Avastin plus commonly used chemotherapies improved progression-free survival in advanced breast cancer
Data from RIBBON 1 study provides efficacy and safety information with different types of chemotherapy
RIBBON 1 comprised two independently-powered study groups that evaluated Avastin with different types of chemotherapies in people with advanced HER2-negative breast cancer:
- Group One: Avastin or placebo plus a taxane (protein-bound paclitaxel or docetaxel) or anthracycline-based chemotherapies (doxorubicin- or epirubicin-based regimens)

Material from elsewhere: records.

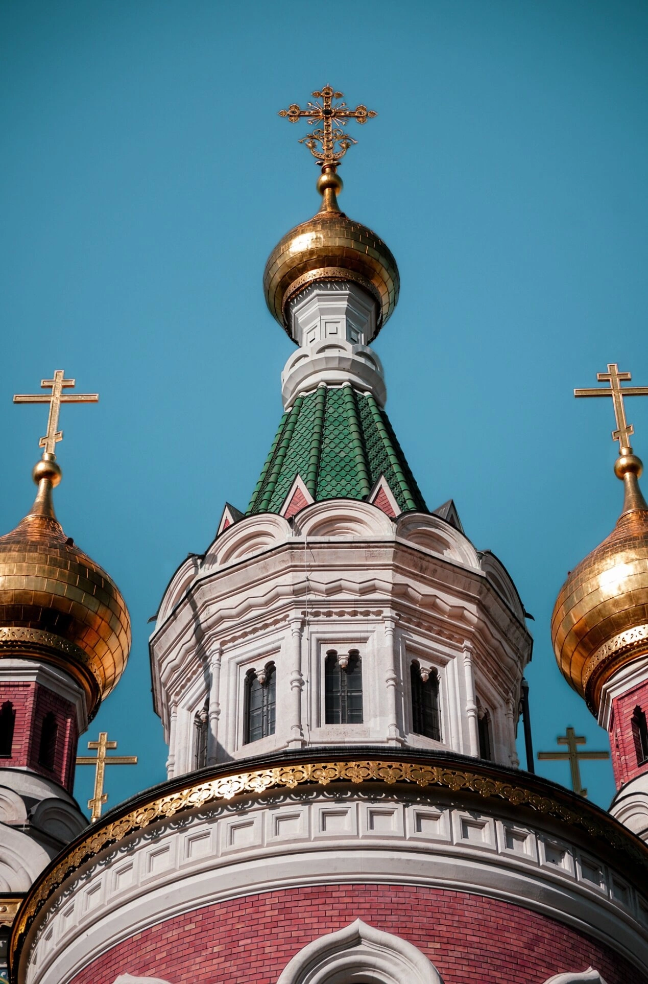 Под центральным куполом чётко просматривается высокий восьмигранный барабан, прорезанный арочными оконными проёмами, которые украшены изящными рельефными элементами. Декоративные вставки из зелёной керамической черепицы добавляют яркий цветовой акцент и подчёркивают изобилие русского узорочья. Ниже видны фрагменты фасада, где сочное сочетание красного кирпича и белого декоративного камня создаёт неповторимый и узнаваемый облик, наполненный глубоким символизмом.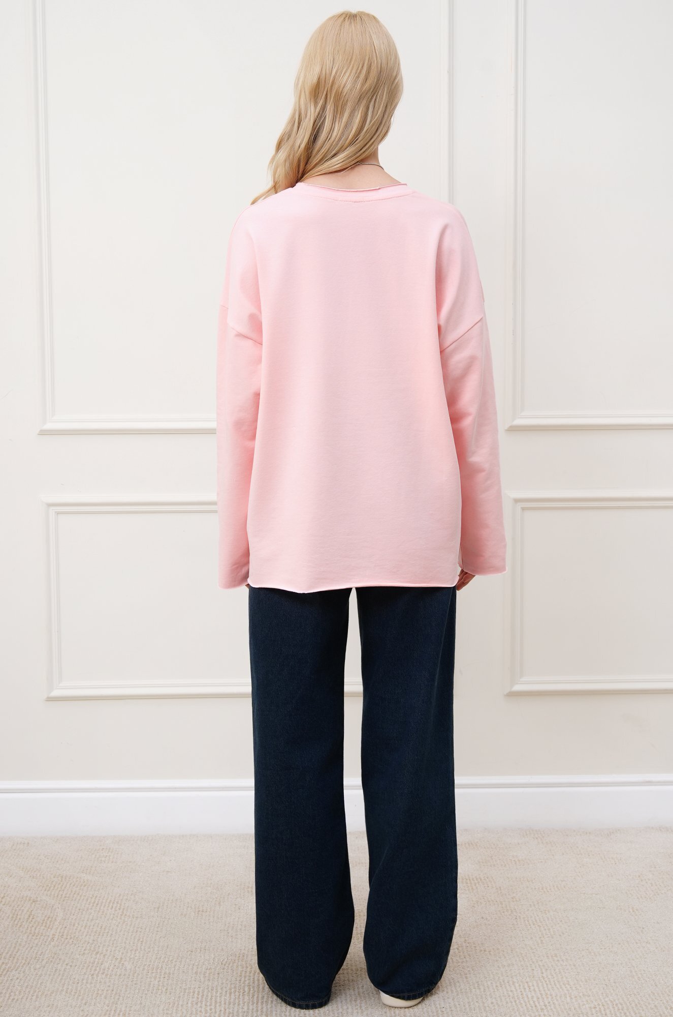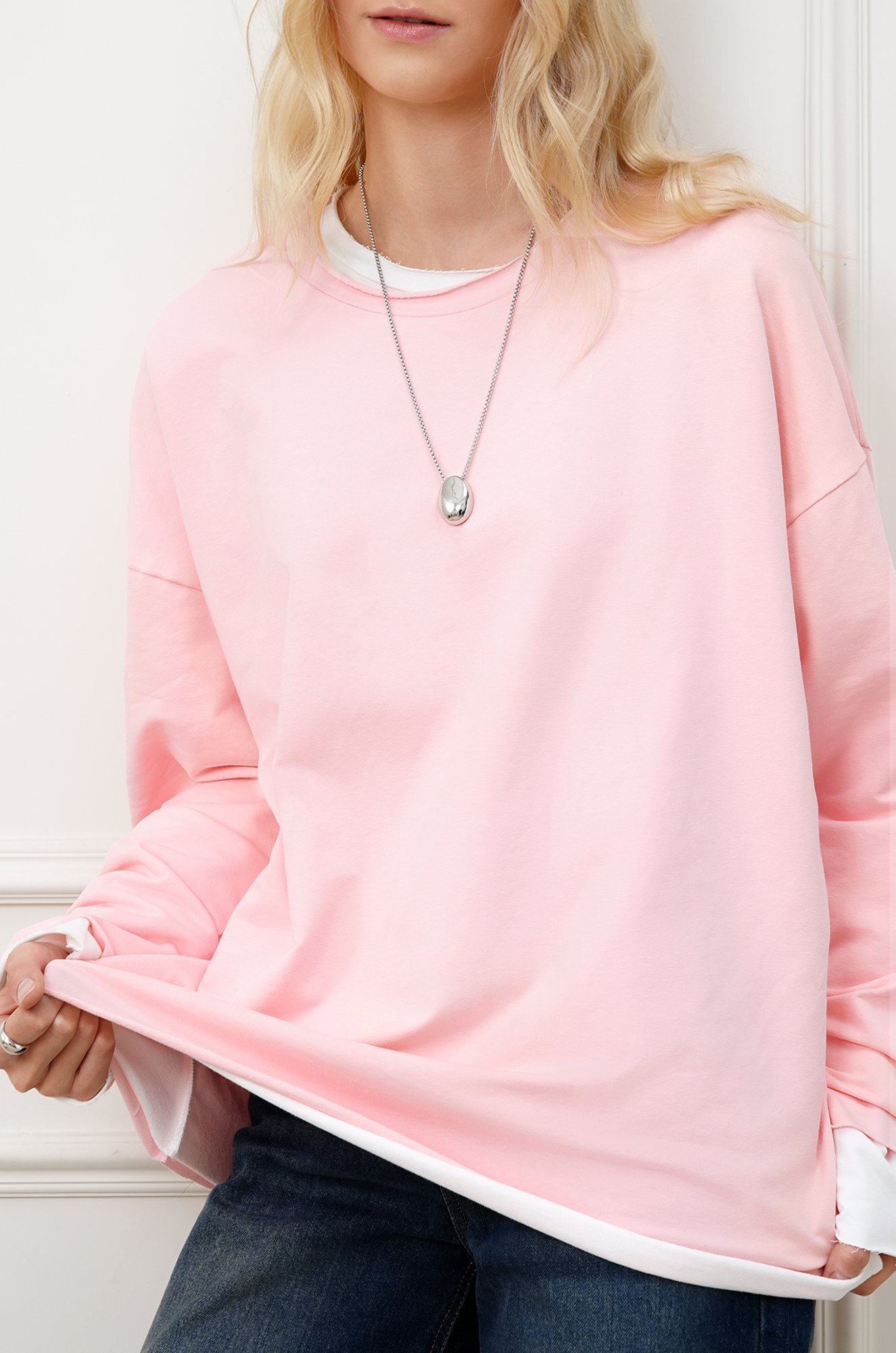 — розовый лонгслив выполнен из футера двухнитки (240 г/м²);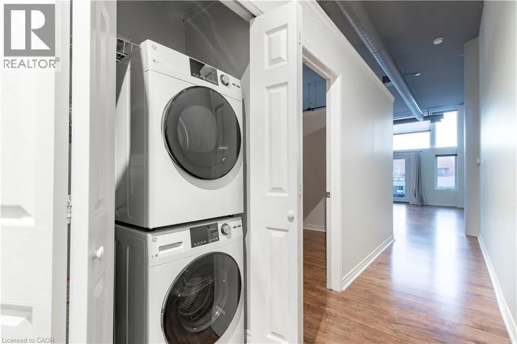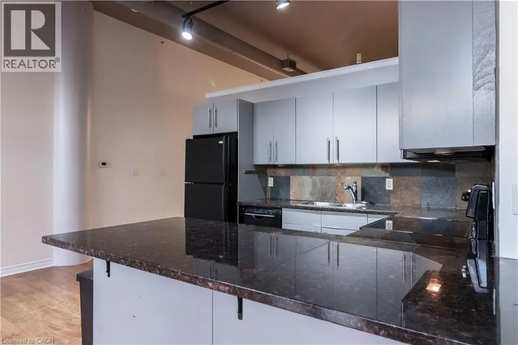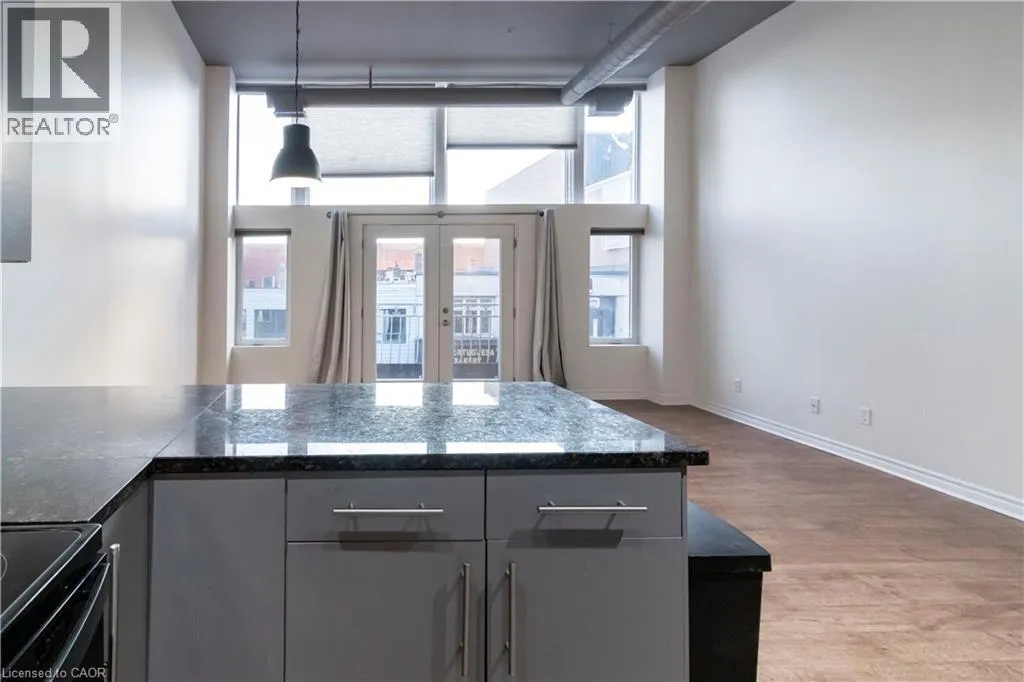 Corner of King and Water Streets AVAILABLE IMMEDIATELY! FRESHLY PAINTED! INCLUDES TWO PARKING SPACES! Welcome to this modern and trendy end unit loft, prominently facing King Street West and within walking distance to all the vibrant downtown amenities and the LRT! This exquisite loft is designed to impress with its soaring 12-foot ceilings, exuding character through its classic hardwood flooring, contemporary light fixtures, and exposed pipes. The open-concept living space is an inviting haven, filled with abundant natural light streaming in from the expansive windows and Juliette balcony. The spacious and functional kitchen is a chefâs delight, featuring sleek granite counters, built-in appliances, and a convenient breakfast bar. This exceptional unit offers two generously-sized bedrooms, including a master suite that boasts a luxurious 4-piece ensuite complete with a Jacuzzi tub. Additionally, there is a modern 4-piece bathroom and stackable laundry for your convenience. Ample storage solutions are seamlessly integrated throughout the loft, ensuring a clutter-free living environment. Located just a few minutes from the scenic Victoria Park and a short walk east to the GO Station, this unit provides the perfect balance of urban convenience and serene park-side living. Available for move-in on and after September 5th this DTK Loft promises a lifestyle of comfort, style, and unparalleled convenience. Embrace the opportunity to make this exceptional loft your new home! (id:27476)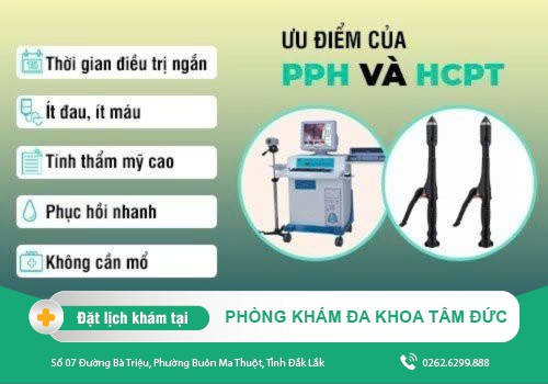 ✤ Phương pháp HCPT: Hoạt động dựa trên nguyên lý nhiệt nội sinh với sóng điện cao tần. Phương pháp này làm máu đông thắt các mạch máu, sau đó dùng dao điện cắt bỏ những búi trĩ ngoại, làm lành vết nứt hậu môn hay đóng lỗ rò hậu môn… nhanh chóng, tránh tổn thương các tế bào khỏe mạnh xung quanh.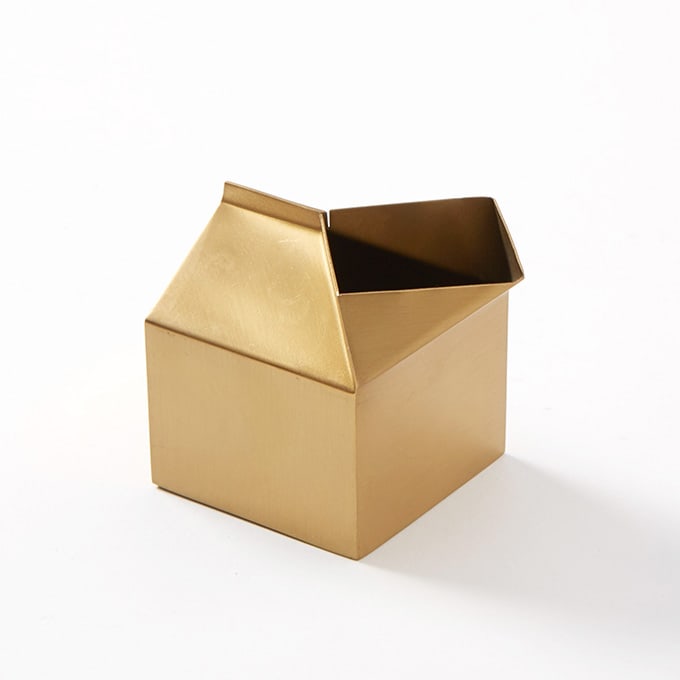 This 3-ounce creamer features a whimsical milk carton design, adding a playful yet chic touch to any table setting. Crafted from stainless steel with a satin gold finish, it is perfect for serving milk, cream, or other condiments. Its compact size ensures easy handling and portion control, making it a stylish and functional addition to your beverage service.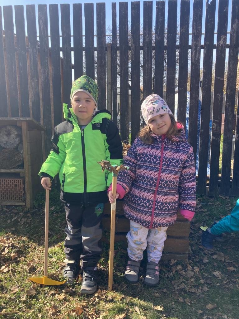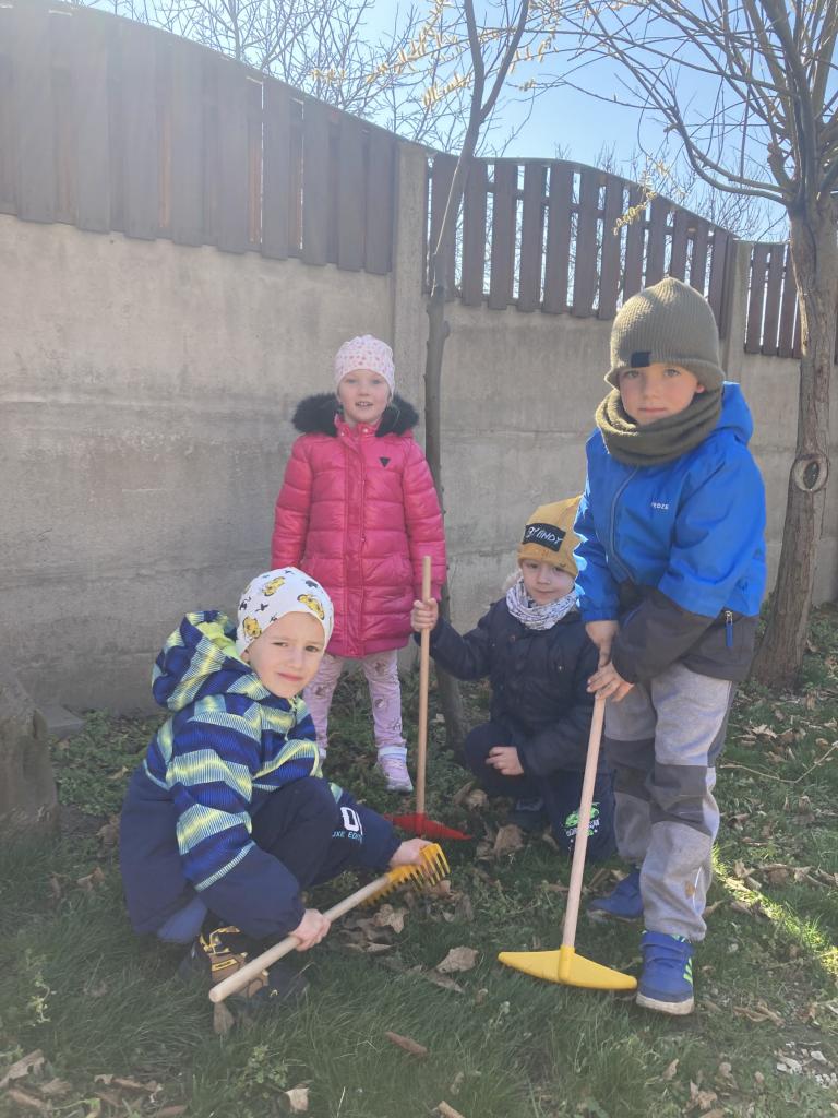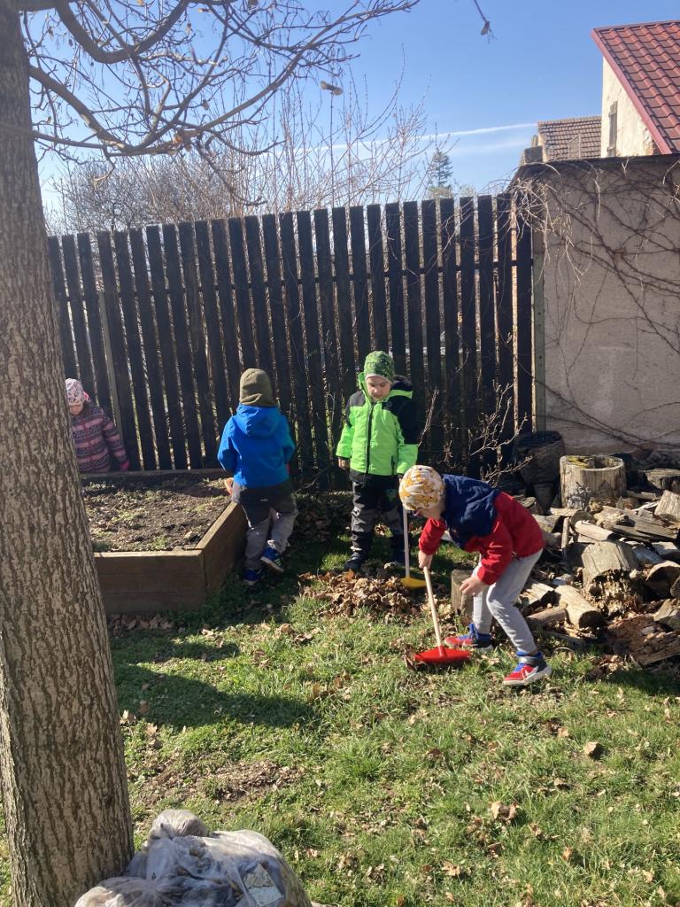 Děti se hned vrhly do práce. Vytrhaly jsme trávu, prohrabaly hlínu, očistily od všech nečistot a zbytku listí z podzimu. Dětem se úklid zahrady líbil natolik, že se pustily i do hrabání spadaného listí. Vše jsme uložili do kompostérů a teď už se můžeme jen těšit co dobrého si do záhonku zasazíme a vypěstujeme.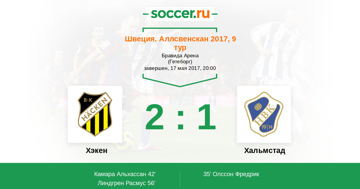Протокол матча Хэкен против Хальмстад
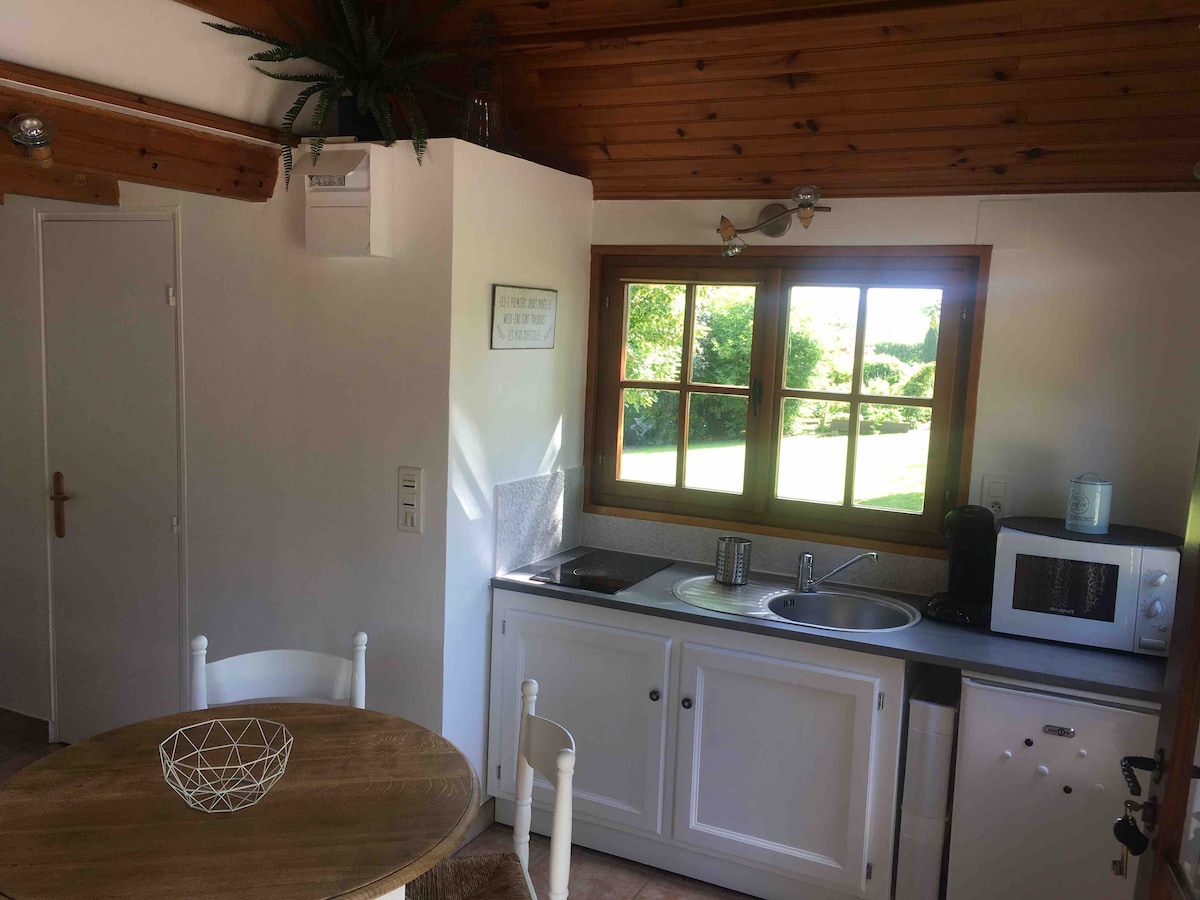 Le damos la bienvenida a nuestro chalet independiente recién reformado situado en una zona tranquila en nuestro jardín cercado y arbolado (acceso en coche). Chalet de unos 19 m2 que cuenta con una cama doble y 2 camas individuales (atención: ¡las camas individuales están en el altillo!), una zona de cocina totalmente equipada (microondas, placa vitrocerámica, cafetera senseo, nevera, etc.), una mesa con 4 sillas, etc. Y un pequeño cuarto de baño con inodoro y ducha. No se proporcionan toallas.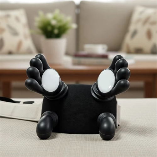 Massageapparat med håndformede massagehoveder i sort. Enheden har bløde, fleksible “hænder”, der kan give punktvis massage på fx nakke, skuldre, ryg eller ben. Betjenes via knapper på fronten, hvor man kan tænde, slukke og skifte funktion. Leveres med rem, så apparatet kan fastgøres omkring kroppen eller en stoleryg for mere stabil brug. Egnet til hjemmebrug som elektrisk massagehjælpemiddel.

- Group Two: Avastin or placebo plus Xeloda
Patients receiving Avastin plus taxane or anthracycline-based chemotherapies (Group One) had a 55 percent improvement in the time they lived without their disease worsening compared to those who received the chemotherapies alone (hazard ratio=0.64; p<0.0001). Patients receiving Avastin plus Xeloda (Group Two) had a 45 percent improvement in the time they lived without their disease worsening compared to those who received the chemotherapy alone (hazard ratio=0.69; p=0.0002).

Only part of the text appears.